It isn’t every day that a state court overturns a decision by the United States Supreme Court. But it isn’t unheard of either. And that is exactly what happened on Monday, July 17 when the California Supreme Court issued its decision in Adolph v. Uber Technologies, Inc.
The Adolph decision comes as a direct response to a decision issued by the United States Supreme Court in Viking River v. Moriana last year. In Viking River, the United States Supreme Court ruled that a plaintiff loses standing under California’s Private Attorneys General Act (“PAGA”) to pursue representative, class-like relief in court when that plaintiff’s individual PAGA claims have been sent to arbitration.
The California Supreme Court overturned this ruling on the grounds that standing under PAGA is determined by California state statute and that the United States Supreme Court misinterpreted California law. Adding insult to injury, the California Supreme Court went on to say that the United States Supreme Court’s ruling to the contrary was wholly untethered to any legal authority in California.

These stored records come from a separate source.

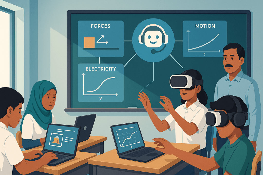 • ধারণাগত শিক্ষা: বল ও গতি শেখাতে PhET Simulation বা AI-ভিত্তিক ভার্চুয়াল ল্যাব ব্যবহার করা যায়। শিক্ষার্থীরা বল প্রয়োগের মাত্রা পরিবর্তন করে সরাসরি গতি পরিবর্তন দেখতে পায়।
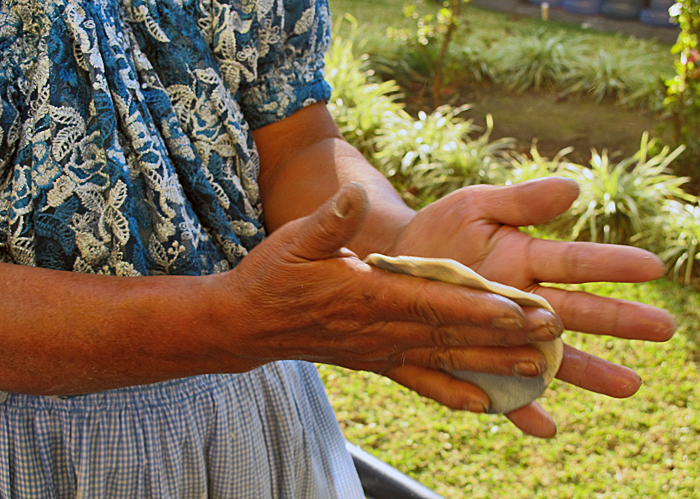 For milennia, corn tortillas have traditionally been made by hand. Small balls of corn masa (dough) are rhythmically patted into near-perfect rounds, then toasted on a comal (griddle) over wood fire. The technique is passed from mother to daughter and mother to daughter in families everywhere in Mexico; girls start pat-pat-patting masa into tortillas almost from the time they start to walk.
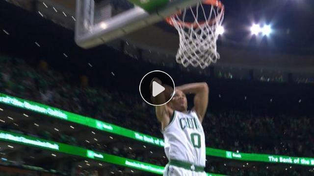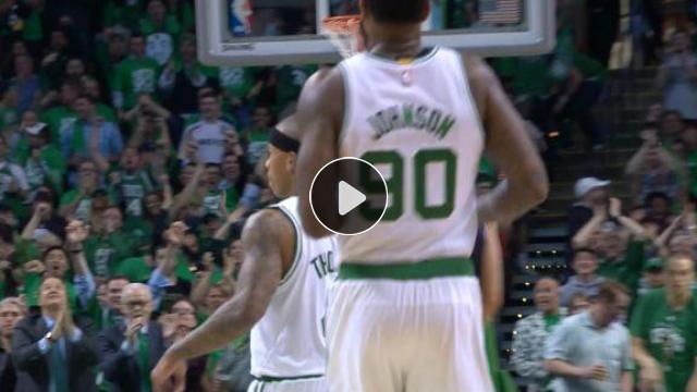 Celtics top kaybına zorluyor, Jaylen Brown topu kurtarıp Avery Bradley'ye paslıyor ve Bradley de smaçla tamamlıyor.
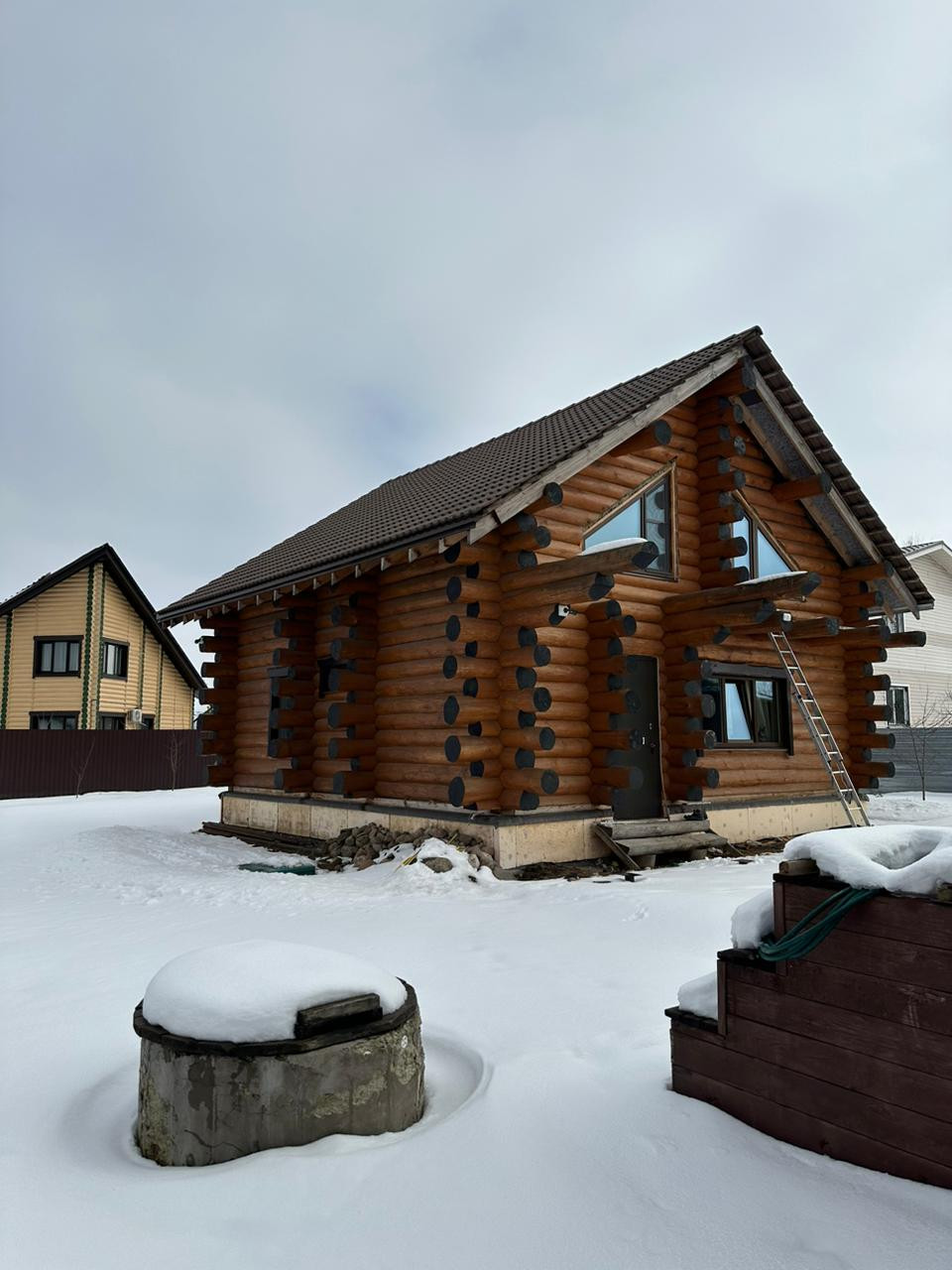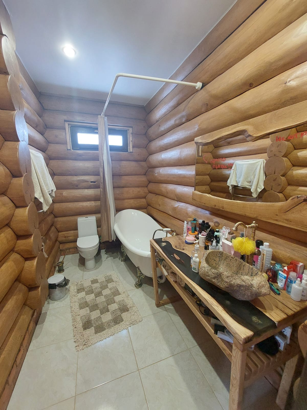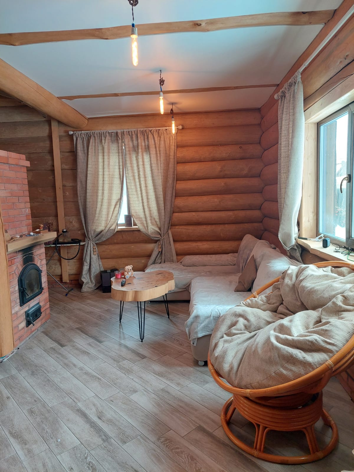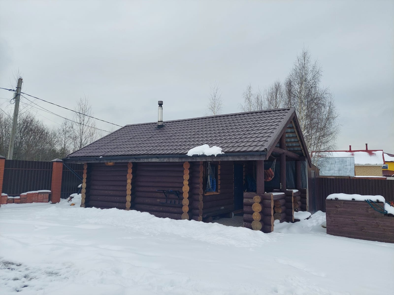 Дом -деревянный сруб, толщина бревна – 32/33 см, фундамент - монолитная плита, двойное армирование, толщина 40 см, дополнительно сделана кладка кирпича 4 ряда. Баня - деревянный сруб, толщина бревна 24/26 см, фундамент монолитная плита 20 см.
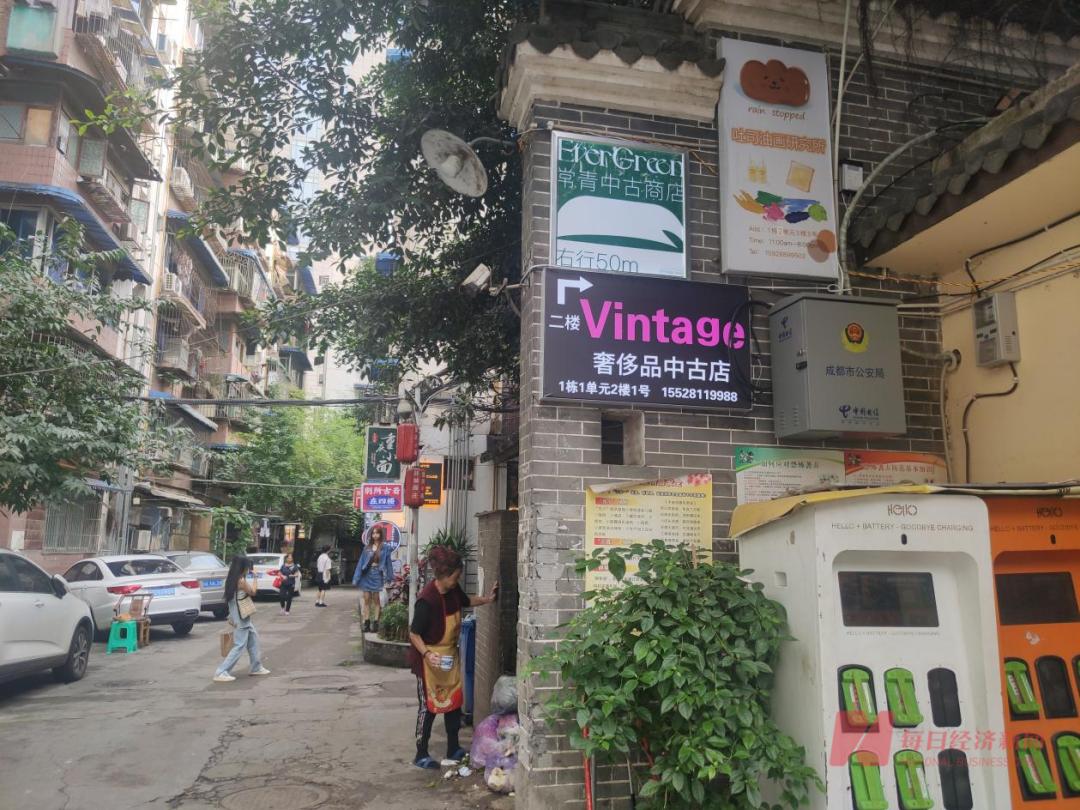 线下,在成都太古里商圈外短短的几百米街道上,就能看到扎堆的中古店、二奢店。
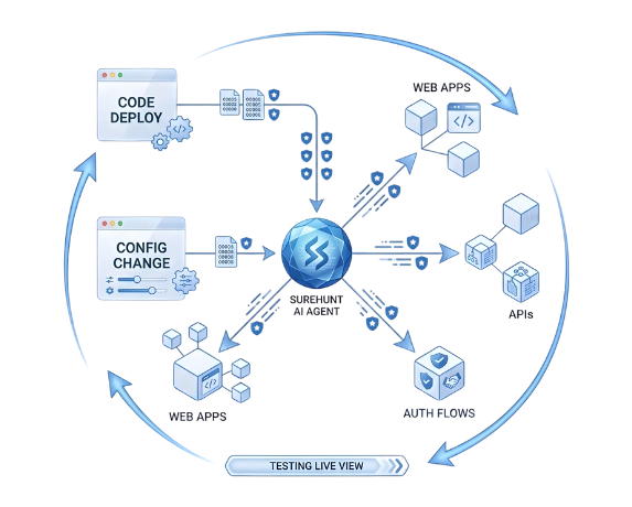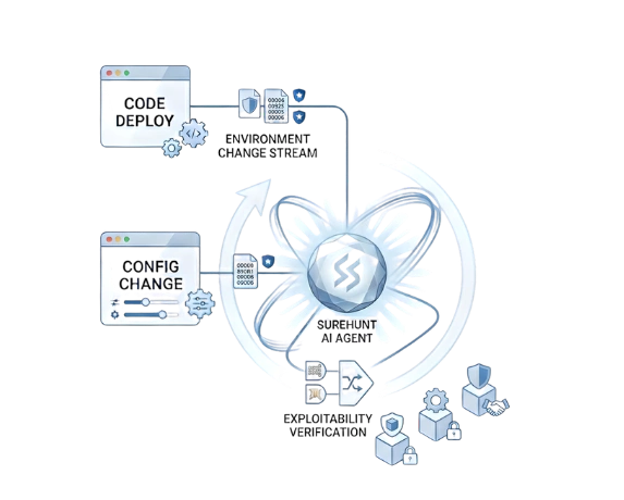 Stay protected as your system evolves. SureHunt adapts to deployments, configuration changes, and new exposures, ensuring your attack surface is always up to date.
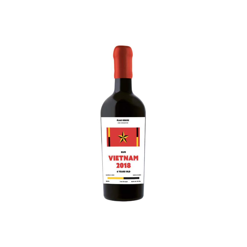 Flag Series Vietnam 2018 Rum offers cocktail drinkers a rare glimpse into Vietnamese rum-making heritage, where hand-harvested endemic sugarcane from Quang Nam province meets French Caribbean distilling traditions through a copper Armagnac column still—a unique combination that yields a vibrant, complex spirit with distinctive tropical aging character at cask strength (55.5% ABV), bottled completely natural without water, coloring, or filtration from a single ex-Cognac cask that produced just 213 bottles.

Practically, yesterday’s ruling means that a plaintiff whose individual PAGA claims have been sent to arbitration may continue to assert PAGA claims on a representative basis in court. While yesterday’s decision is not entirely surprising, the decision is the latest in a long line of (mainly) anti-employer decisions issued by the justices sitting on the Golden State’s highest court.
But all hope is not lost—at least not technically. For the California Supreme Court held that a plaintiff could lose standing to maintain a representative PAGA claims in court if—and this is a big if—he or she entirely loses on the merits in arbitration. A tall order, but not necessarily an impossible one.